Women Who Use Drugs and Female Partners of Men Who Use Drugs

1. Opioid agonist therapy, particularly maintenance programs with methadone and buprenorphine, leads to reduction in drug use, HIV acquisition and risk behavior among PWID, is safe and effective for use by pregnant women. (Metzger and Navaline, 2003 cited in Strathdee et al., 2006; Demaan et al., 2002 cited in Strathdee et al., 2006; Metzger et al., 2003 cited in Strathdee et al., 2006; Ball et al., 1988 cited in Strathdee et al., 2006; Bruce, 2010; Roberts et al., 2010).

A review of the evidence based on a global ‘review of reviews’ using two randomized controlled trials, four cohort studies, one case control study and one cross-sectional study  found that opioid agonist therapy protects against HIV seroconversion based on biologically verified outcomes. Those who remained on methadone maintenance therapy were less likely to acquire HIV.

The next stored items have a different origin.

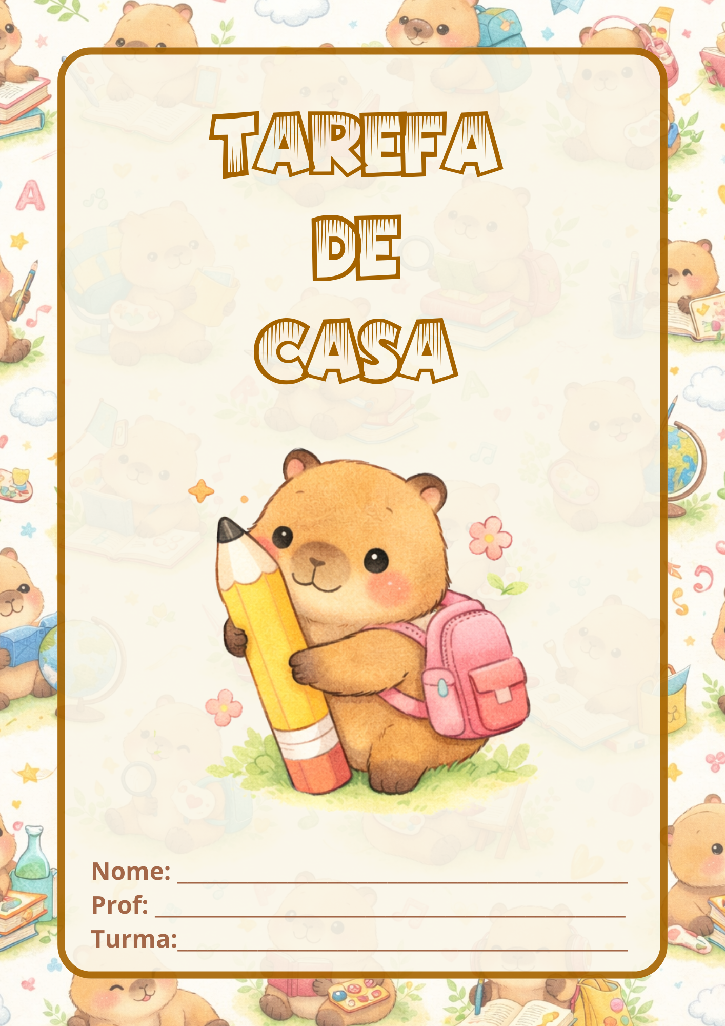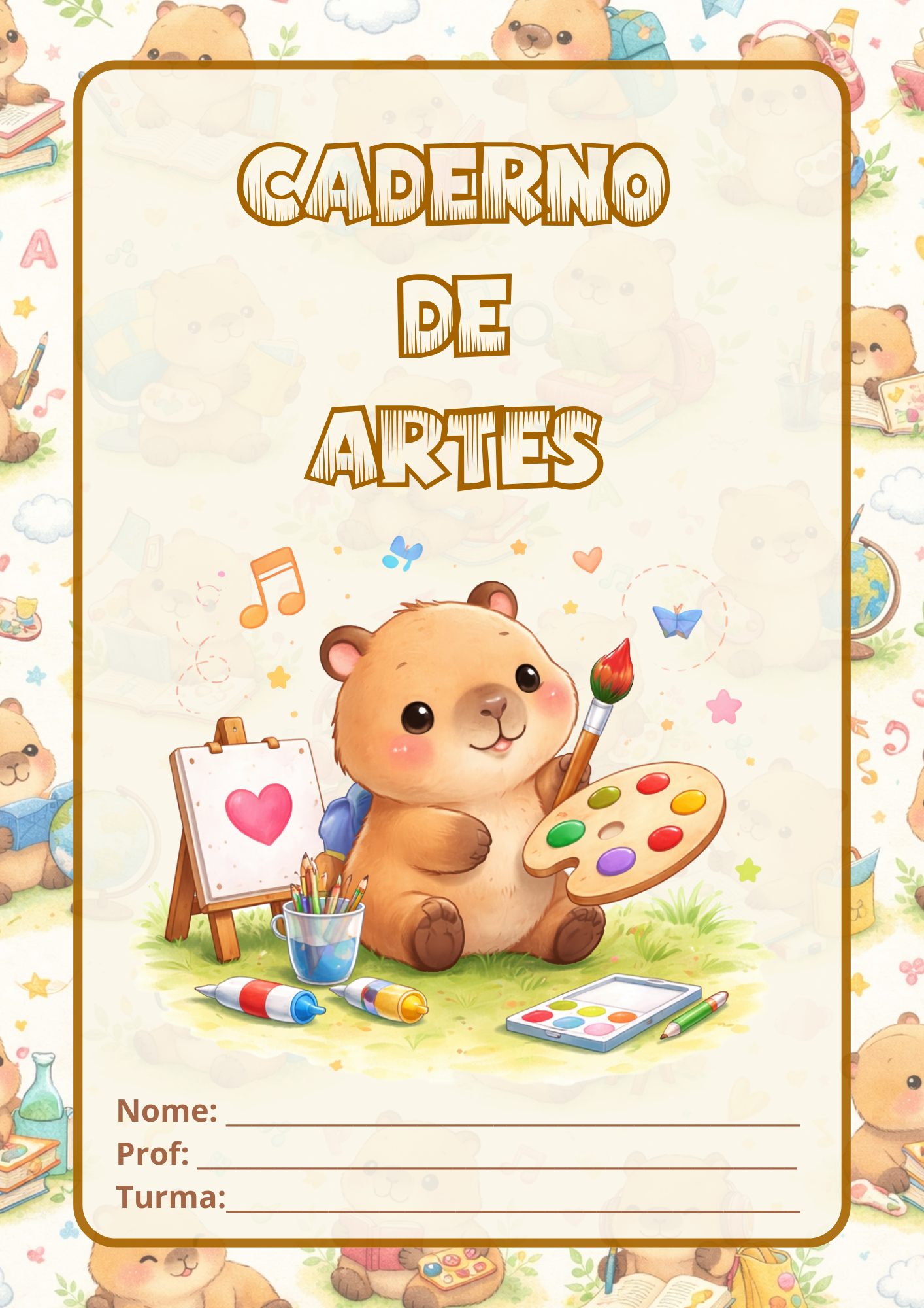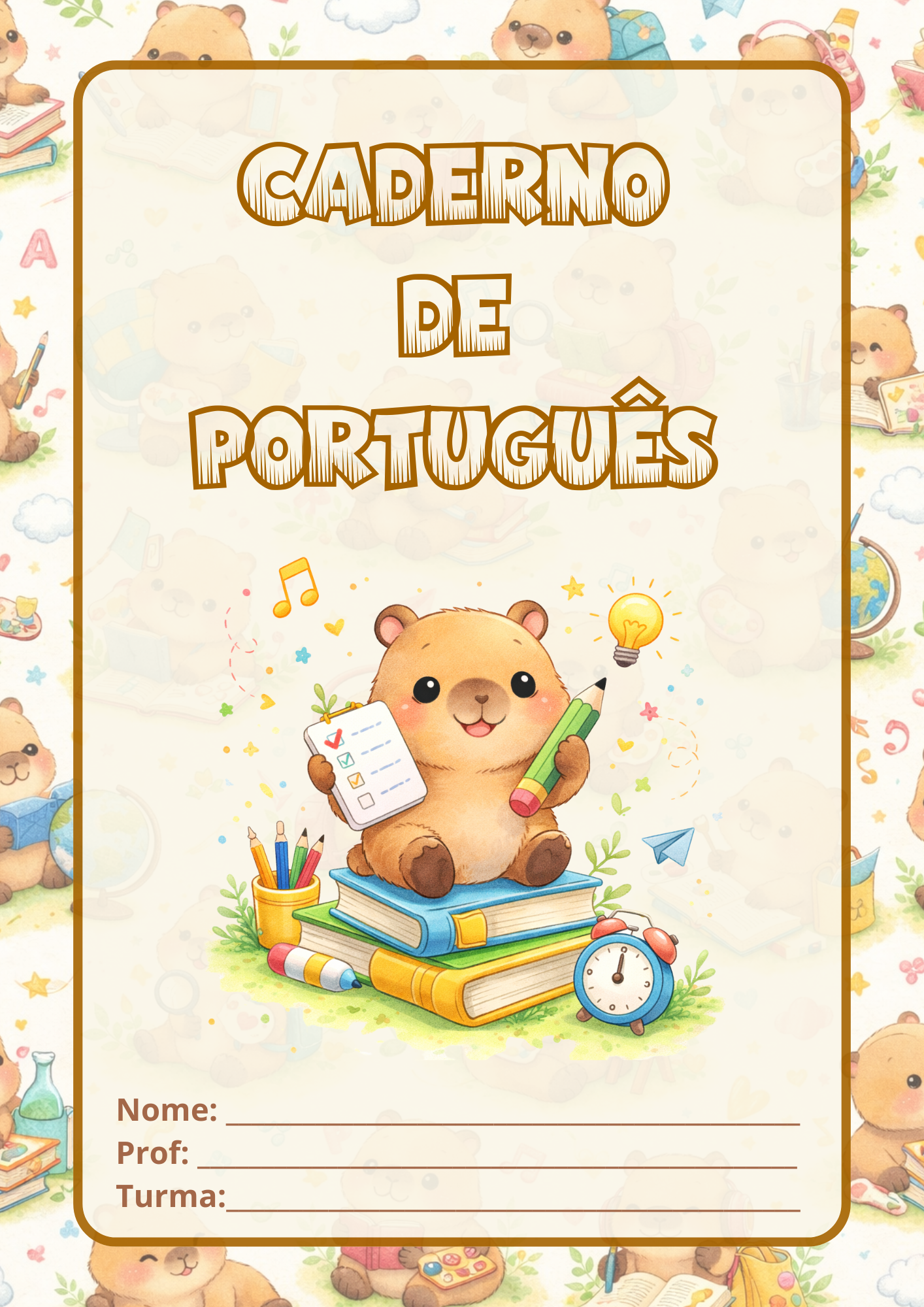 Professora, preparei um arquivo digital com capas de cadernos escolares super fofinhas, ilustradas com capivara em estilo cute/kawaii, ideais para Educação Infantil e Ensino Fundamental 🥰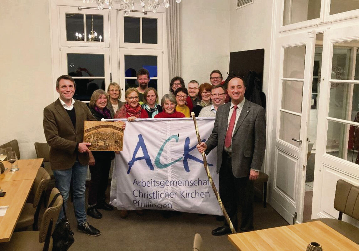 PFULLINGEN. Pfarrer Benjamin Lindner löst Dekan Hermann Friedl als Sprecher des Arbeitskreises Christlicher Kirchen (ACK) Pfullingen ab. Die Insignien des Vorsitzes – der Hirtenstab, ein Kirchenbild des Pfullinger Künstlers Horst Deiss und das ACK-Banner – wurden turnusgemäß an den evangelischen Pfarrer Benjamin Lindner übergeben. Der Stabwechsel wurde bei einem gemeinsamen Abendessen des ACK im Restaurant »Alter Bahnhof« in Pfullingen vollzogen.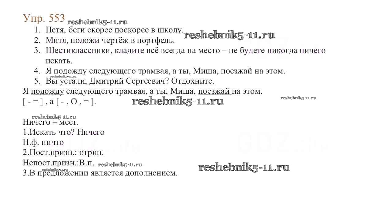 Готовая домашняя работа с ответами по Русскому языку за 6 класс Баранов, Ладыженская, Тростенцова, Григорян, Кулибаба Учебник Часть 1, 2 Просвещение 2015 ФГОС - Упражнения 553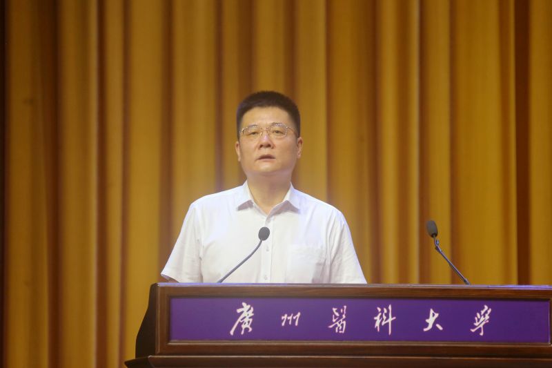 唐小平书记勉励新生树牢“为国求学”的大志向、练就“能担重任”的真本领、激活“创新引领”的高追求,在学业路上行稳致远、在成长路上追求卓越,将最好的青春、最美的奋斗,写进新时代“两个大局”的坐标,刻入“再造新广医”的征程。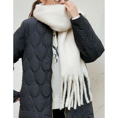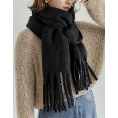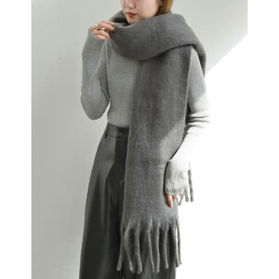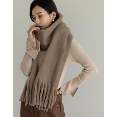 ふんわりとボリュームたっぷりのフェイクウールマフラー。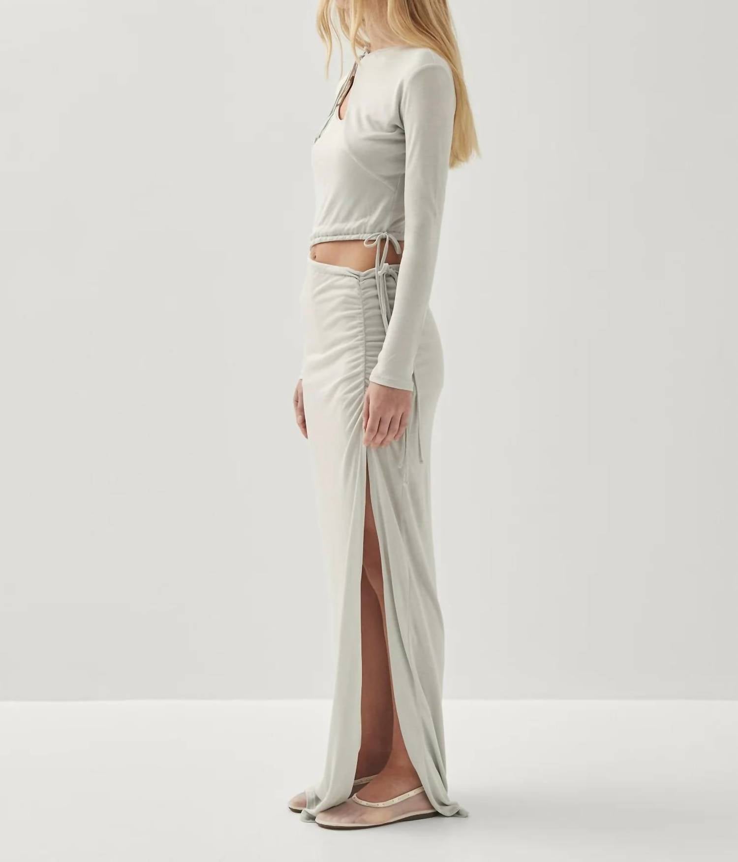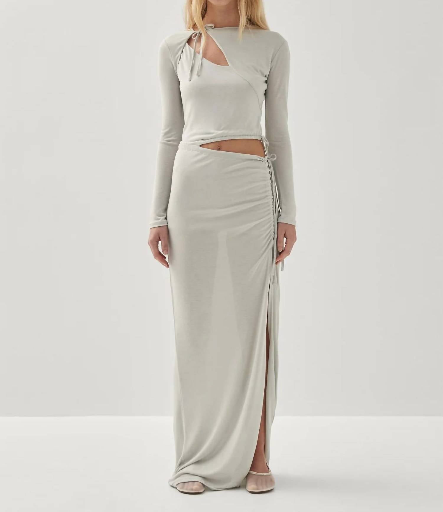 Show off just the right amount of skin in this adorable assymetrical dress. Elevate your style with the Doi Maxi Dress by ALOHAS, a sleek and minimalist piece in a stunning grey shade. Featuring long sleeves and a bodycon silhouette, this fitted maxi dress includes chic cutouts at the shoulder to chest and waist. The asymmetrical design is complemented by a side slit adorned with a bow-tie closure, adding an elegant touch. Perfect for springtime occasions, this dress embodies a sophisticated and modern aesthetic.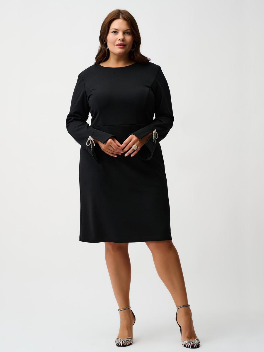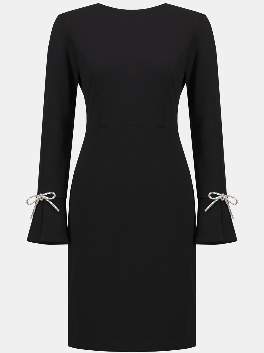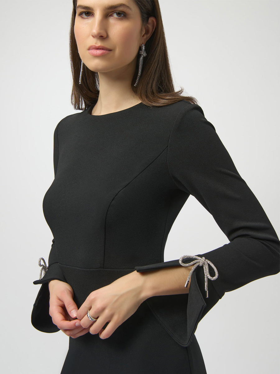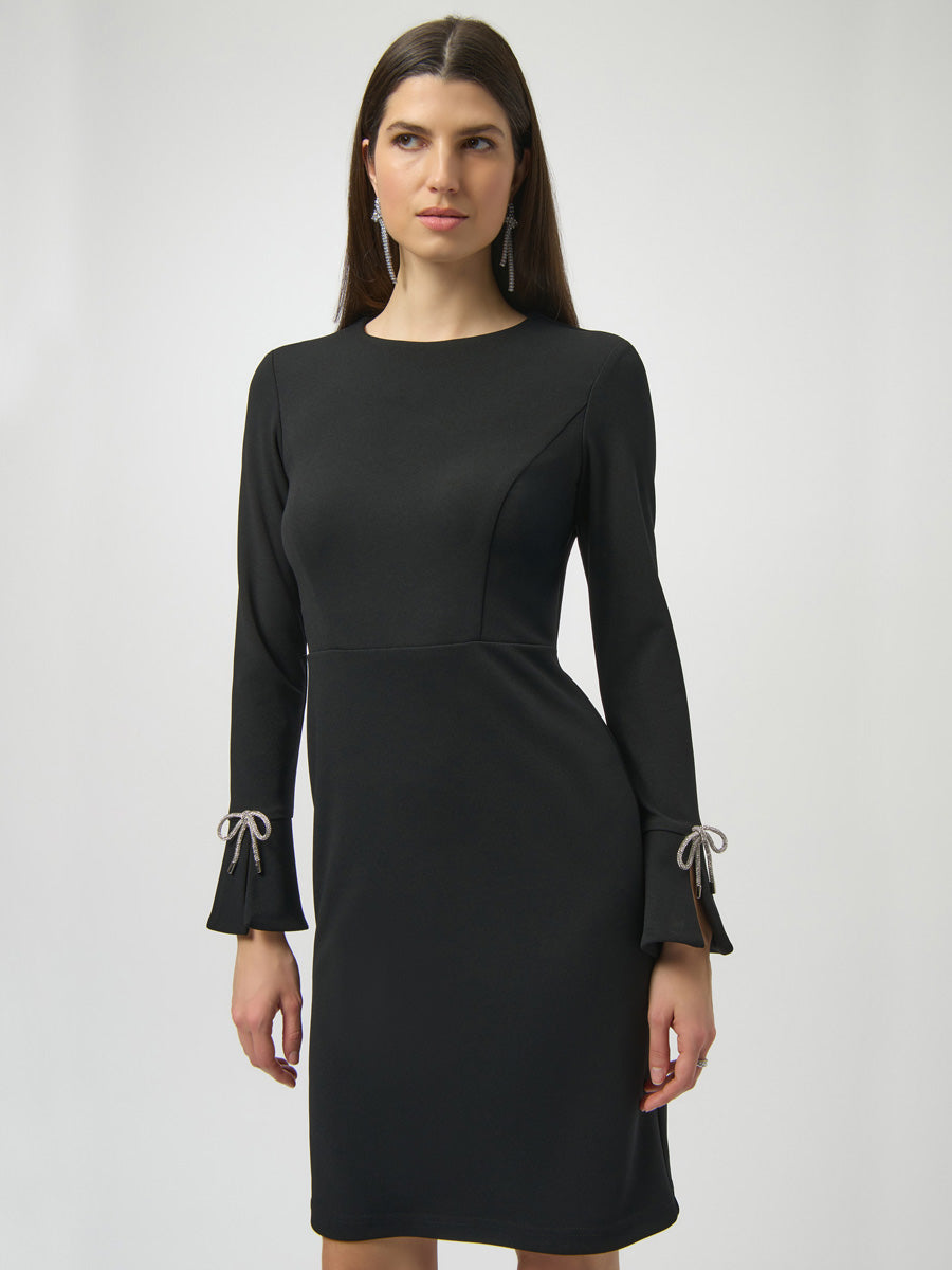 Tämä Joseph Ribkoffin mekko korostaa siluettia kauniisti suoralinjaisella leikkauksellaan. Pyöreä pääntie ja pitkät hihat rusettiyksityiskohtineen tuovat asuun viimeistellyn ilmeen, mikä tekee mekosta monikäyttöisen valinnan erilaisiin tilaisuuksiin. Malli on 175 cm pitkä ja päällään koko 34.

A Cochrane review of randomized clinical trials of buprenorphine maintenance versus placebo or methadone maintenance with 24 studies and 4,497 participants found that methadone was the most effective at retaining patients compared to buprenorphine or placebo if prescribed at doses of between 60 mg and 120 mg per day. Buprenorphine was statistically significantly superior to placebo medication in keeping patients in treatment, with medium and high dose buprenorphine suppressing heroin use.

A Cochrane review of randomized clinical trials of methadone maintenance therapy compared with placebo or other non pharmacological therapy with 11 studies and 1,969 participants found that methadone was statistically significantly more effective in retaining patients in treatment and in suppressing heroin use as measured by urine and hair analysis and self report.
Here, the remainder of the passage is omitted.